At the beginning of the study, the researchers had no intention of examining erythritol or other foods specifically.  Instead, the focus was on compounds or chemicals in a person’s blood that could predict their risk of stroke, heart attack, or death within the next three years.  The study began with the analysis of 1,157 blood samples taken from people already identified as at risk for heart disease.

They found a substance that seemed to be a major player in the increased risk but did not know what it was.  Further investigation found that it was the sweetener erythritol.  While the human body does produce erythritol, the amounts are so low there is no way it could be why the individuals’ blood levels were so high.

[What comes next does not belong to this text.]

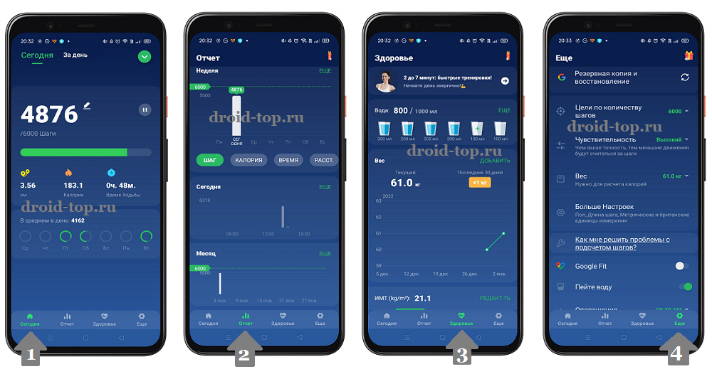 У Шагомера имеется четыре вкладки на главном экране:1. Сегодня.2. Отчёт.3. Здоровье.4. Ещё.

To confirm the finding, the researchers analyzed an additional 2,100 blood samples from individuals in the U.S. as well as 833 blood samples from individuals in Europe.  An estimated 75% of those participants had high blood pressure or coronary disease.  Around a fifth of the people were diabetic.

In all the participants, the researchers confirmed that there is an association between high levels of erythritol and an increased risk of heart attack, stroke, or death within three years.

Erythritol increases clotting risk even in healthy volunteers

In the last portion of the study, the researchers gave eight healthy volunteers a beverage containing 30 grams of erythritol (the equivalent of a pint of keto ice cream).  Many people in the U.S. consume this amount in a day or even one serving.  Then, the volunteers were given blood tests over the next three days while the researchers tracked both the erythritol levels and clotting risk.

The results were sobering.  Just 30 grams of erythritol was sufficient for raising the blood levels of erythritol.  This exceeds the threshold required to heighten and trigger a clotting risk.  The levels soared a thousandfold and stayed elevated for the next two to three days.

How to avoid the sugar substitute health threat

The best way to protect yourself from consuming high amounts of sugar substitutes, such as erythritol, is to maintain a diet of whole (organic) foods – with an emphasis on locally sourced vegetables and fruits.  If you want something sweet, eat fruit.  You can use organic fruit and (fresh) fruit juice to make sorbets or simply eat them as they are.

If you do purchase products with sugar alternatives, read the labels.  Erythritol has many names, so it could still be there even if you don’t see it on the label.  Look for “sugar alcohol” or “reducing sugar.”  If you aren’t certain, it is best to avoid it.

Your health is too important to compromise it for a few sweet moments where the taste is transient, but the effects could be prolonged and unwanted.